L’Etat juif signifie en fin de compte que la Palestine, toute la Palestine, est une patrie pour les juifs du monde, et qu’il n’y a pas de peuple palestinien sur la terre de Palestine. De là vient l’idée de la patrie alternative proposée par « Israël » à l’Est de la rive du Jourdain pour le peuple palestinien.

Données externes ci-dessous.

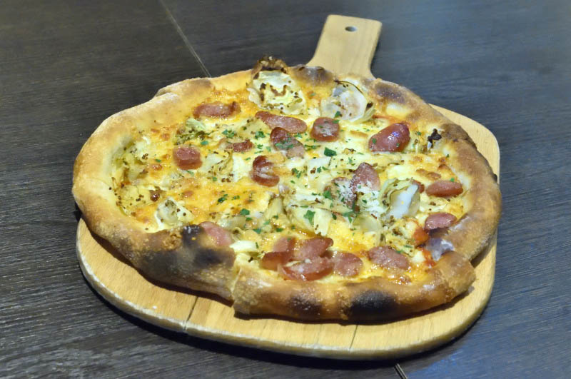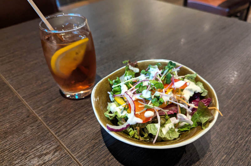 There are eight pizza varieties to choose from in the evening, with a more limited (and less fancy) selection at lunchtime. They do prepare a special lunch pizza every day though, and we enjoyed a nicely balanced topping of bacon, sausage and cabbage when we visited. The crust was on the crunchy side, holding its shape firmly when folded. The lunch special comes with a substantial salad, plus your choice of beverage for an extra Y200.

Al-Quds al-Arabi : La campagne de judaïsation d’al-Quds
 s’intensifie alors que l’Autorité palestinienne continue à parler 
d’occasions pour parvenir à un accord ou semi-accord. Ne faut-il pas 
plutôt réclamer l’unité palestinienne pour affronter un tel projet ?
Ziad Nakhale : Non seulement al-Quds est en train 
d’être judaïsé, mais tout est devenu sous la domination « israélienne »,
 le cancer de la colonisation se répand comme des champignons tout au 
long de la Cisjordanie  et il ne reste aux Palestiniens
 que les villes peuplées, qui sont toutes encerclées par les colonies et
 séparées les unes des autres. La politique du fait accompli se 
poursuit. Les négociations et leur prolongement ne sont que des moyens 
pour gagner du temps pour que l’on arrive à l’étape du fait accompli. 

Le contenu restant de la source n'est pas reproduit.